Stopy procentowe już ósmy miesiąc pozostaną na niezmienionym poziomie. Taką decyzję podjęła dziś Rada Polityki Pieniężnej. – Stopy procentowe pozostały bez zmian tak jak zakładał konsensus rynkowy – powiedział w TVP Info ekonomista i analityk finansowy Andrzej Stefaniak. Pytany o to dlaczego już teraz RPP nie zdecydowała się na obniżkę stóp procentowych stwierdził, że jest „zdecydowanie za wcześnie”.
W środę zakończyło się dwudniowe posiedzenie Rady Polityki Pieniężnej. Rada nie zmieniła stóp procentowych. Tym samym główna stopa procentowa NBP, czyli referencyjna, wynosi nadal 6,75 proc., stopa depozytowa 6,25 proc., lombardowa 7,25 proc., dyskontowa weksli 6,85 proc., a redyskontowa weksli 6,8 proc.
Majowe posiedzenie było ósmym z rzędu, kiedy RPP nie zmieniła stóp procentowych. Decyzja ta była zgodna z oczekiwaniami analityków. Ekonomiści uważają, że jeśli dojdzie w tym roku do obniżek stóp, to nastąpi to dopiero w drugiej połowie roku. Część analityków uważa, że warunki do obniżek pojawią się w przyszłym roku.
Ekonomista o dalszych perspektywach
– Stopy procentowe pozostały bez zmian tak jak zakładał konsensus rynkowy – powiedział w TVP Info ekonomista i analityk finansowy Andrzej Stefaniak.
Jak zaznaczył „praktycznie nie było nikogo kto myślał o podwyżce albo o obniżce i Rada ewidentnie czeka jakie będą konsekwencje ekonomiczne wcześniejszych decyzji oraz oczywiście jakie będą konsekwencje dla inflacji, ponieważ to jest dla nas niezwykle interesujące”.
– Czy perspektywy dezinflacyjne będą postępować i czy one będą uzasadniały, że w drugiej połowie tego roku będzie szansa na pierwsze obniżki stóp procentowych? Moim zdaniem jest na to coraz większa szansa – podkreślił Stefaniak.
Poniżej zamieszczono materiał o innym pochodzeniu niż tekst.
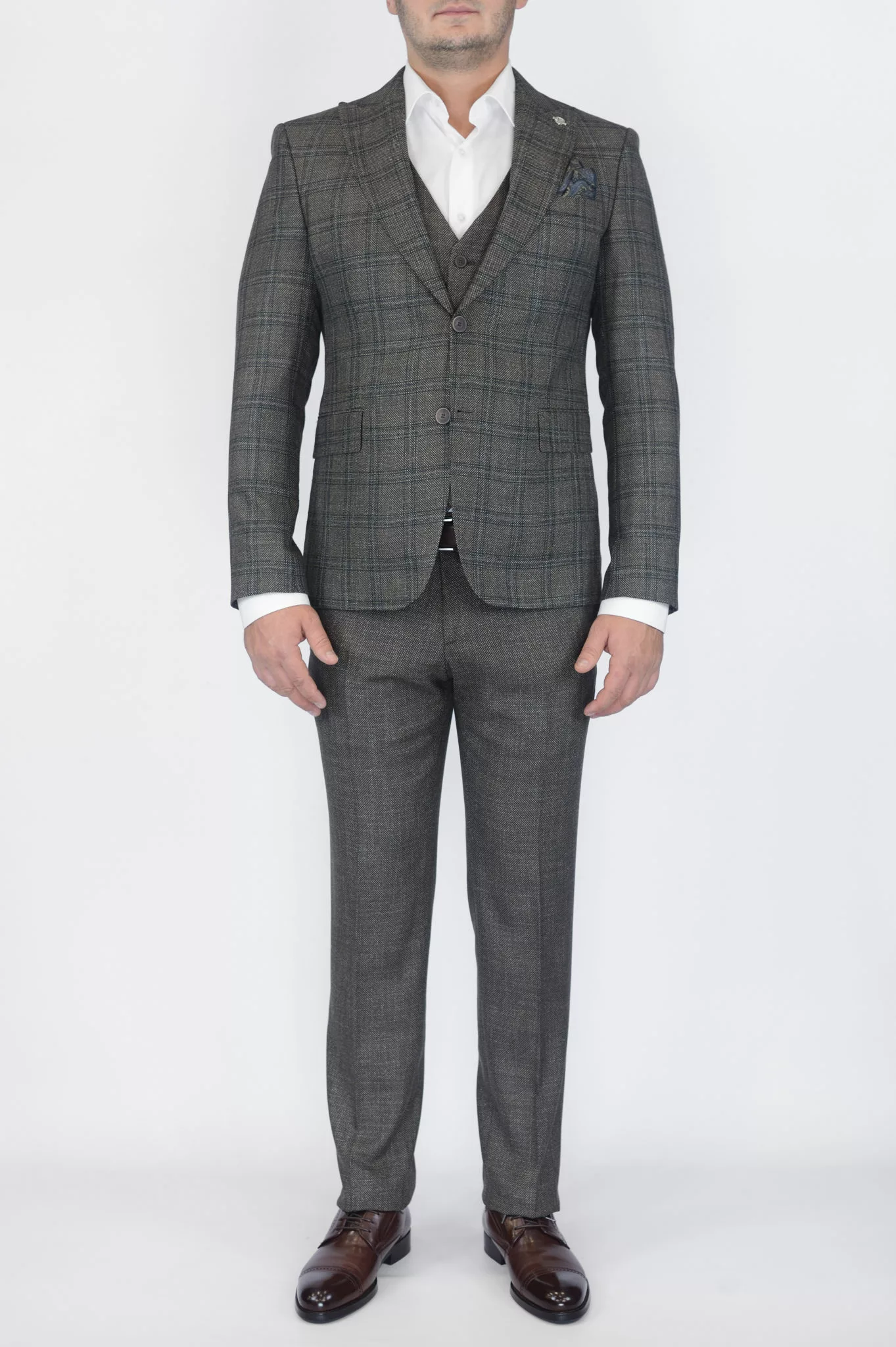 Перейти к товару Костюм-тройка песочного цвета с зеленой клеткой

Jak dodał „warto zwrócić uwagę, że decyzja w sprawie stóp procentowych w Polsce zapadła tuż po danych o inflacji w Stanach Zjednoczonych za kwiecień”. — Te dane pokazały, że procesy dezinflacyjne postępują w skali globalnej i to nawet silniej niż wcześniej inwestorzy zakładali i jest ogromne prawdopodobieństwo, że taka sama skala przyspieszenia procesów obniżania się inflacji wystąpi także w Polsce – podkreślił. Stefaniak zaznaczył, że „jeżeli tak faktycznie będzie i w miesiącach letnich będziemy świadkami spadku inflacji do poziomów jednocyfrowych to naprawdę uruchomi się proces rozmów i rozważań o obniżkach stóp procentowych”.– Myślę, że faktycznie tak będzie – przewidywał.
Za wcześnie na obniżkę
Pytany o to dlaczego już teraz RPP nie zdecydowała się na obniżkę stóp procentowych analityk stwierdził, że jest „zdecydowanie za wcześnie”.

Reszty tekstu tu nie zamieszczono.